NASA solves Voyager 1 data glitch mystery, but finds another
By Tariq Malik published about 12 hours ago
The good news: Voyager 1's telemetry is clear again. The weird: Why did it use a dead computer?
An artist's illustration of the Voyager 1 spacecraft in interstellar space. They mystery of its junk data has been solved, NASA says. (Image credit: NASA)
NASA's Voyager 1 probe is finally making sense again in interstellar space.
After months of sending junk data about its health to flight controllers on Earth, the 45-year-old Voyager 1 is once again beaming back clear telemetry data on its status beyond our solar system. NASA knew the problem was somewhere in the spacecraft's attitude articulation and control system, or AACS, which keeps Voyager 1's antenna pointed at Earth. But the solution was surprising.
"The AACS had started sending the telemetry data through an onboard computer known to have stopped working years ago, and the computer corrupted the information," NASA officials wrote in an update(opens in new tab) Tuesday (Aug. 30). The rest of the spacecraft was apparently fine, collecting data as it normal.

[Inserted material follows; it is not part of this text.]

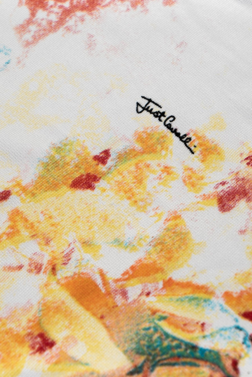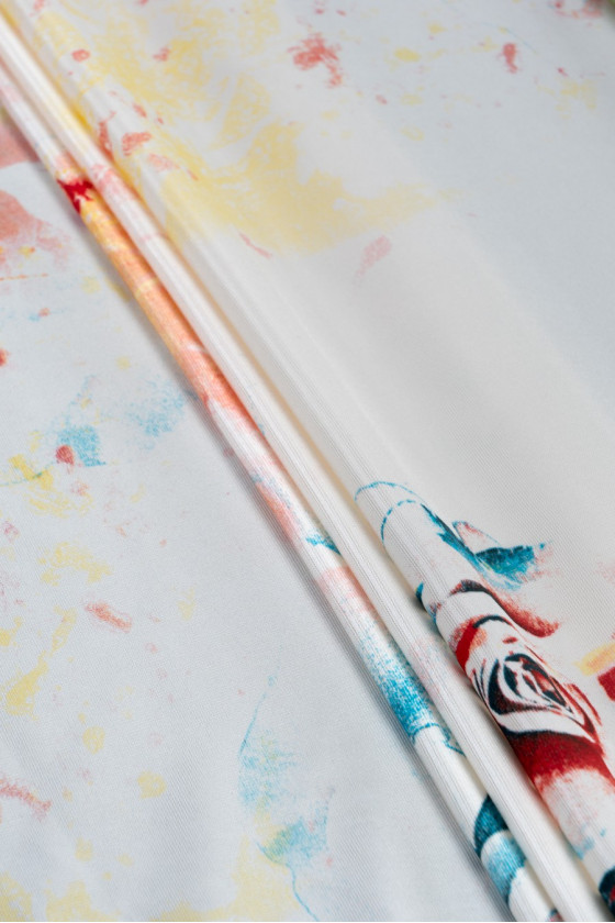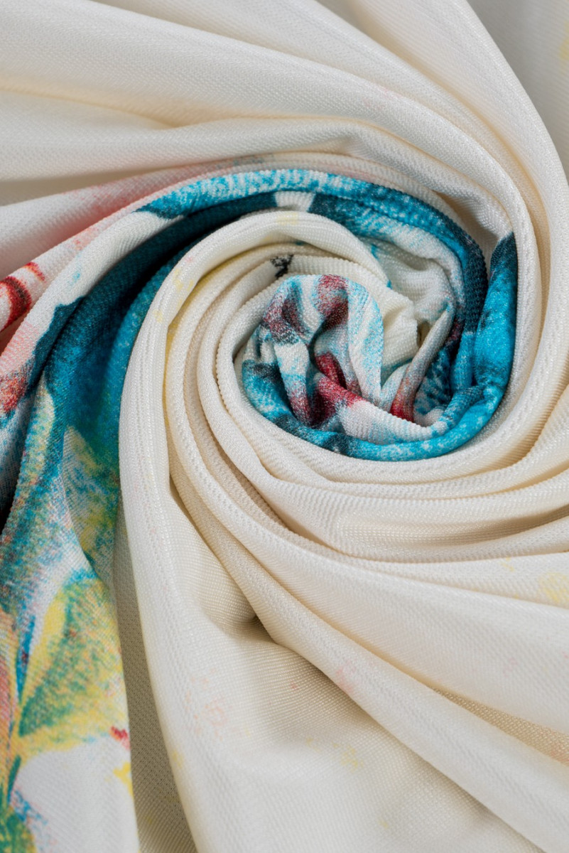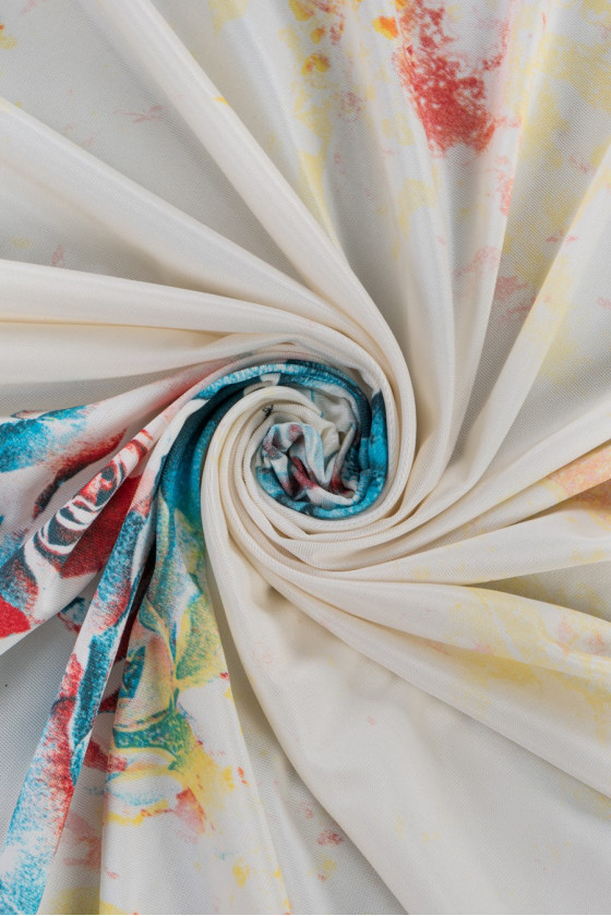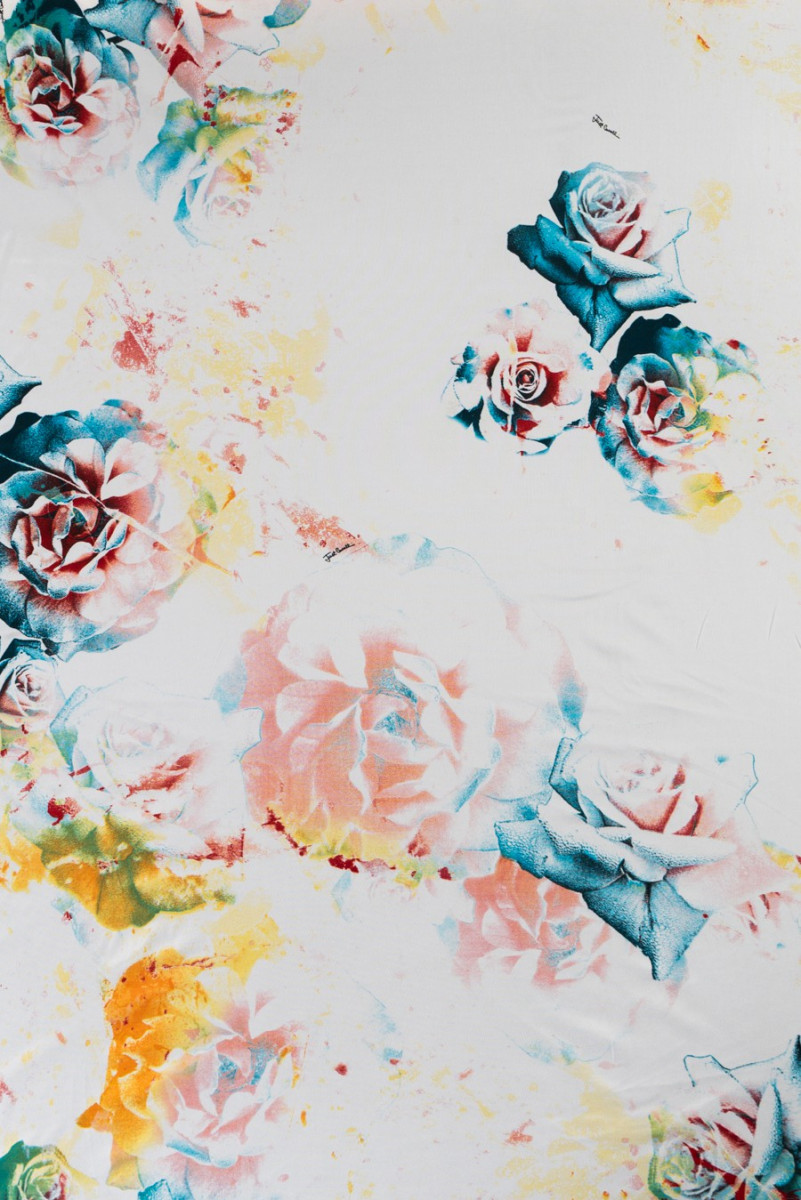 Italiensk viskosjerseystickat tyg i écru-färg med ett motiv av rosblommor i olika storlekar i rosa, orange, blått och grönt. Mönstret är något suddigt, vilket gör det mer delikat och subtilt, plus att det är signerat med namnet på en välkänd modedesigner. Tyget har en något grov struktur, är elastiskt och något svalkande (kallt). Ett fanatiskt förslag för att sy en klänning eller tröja för fans av märkestyger.

Once engineers began to suspect Voyager 1 was using a dead computer, they simply sent a command to the probe so its AACS system would use the right computer to phone home. It was a low-risk fix, but time consuming. It takes a radio signal nearly 22 hours to reach Voyager 1, which was 14.6 billion miles (23.5 billion kilometers) from Earth and growing farther by the second as of Aug. 30.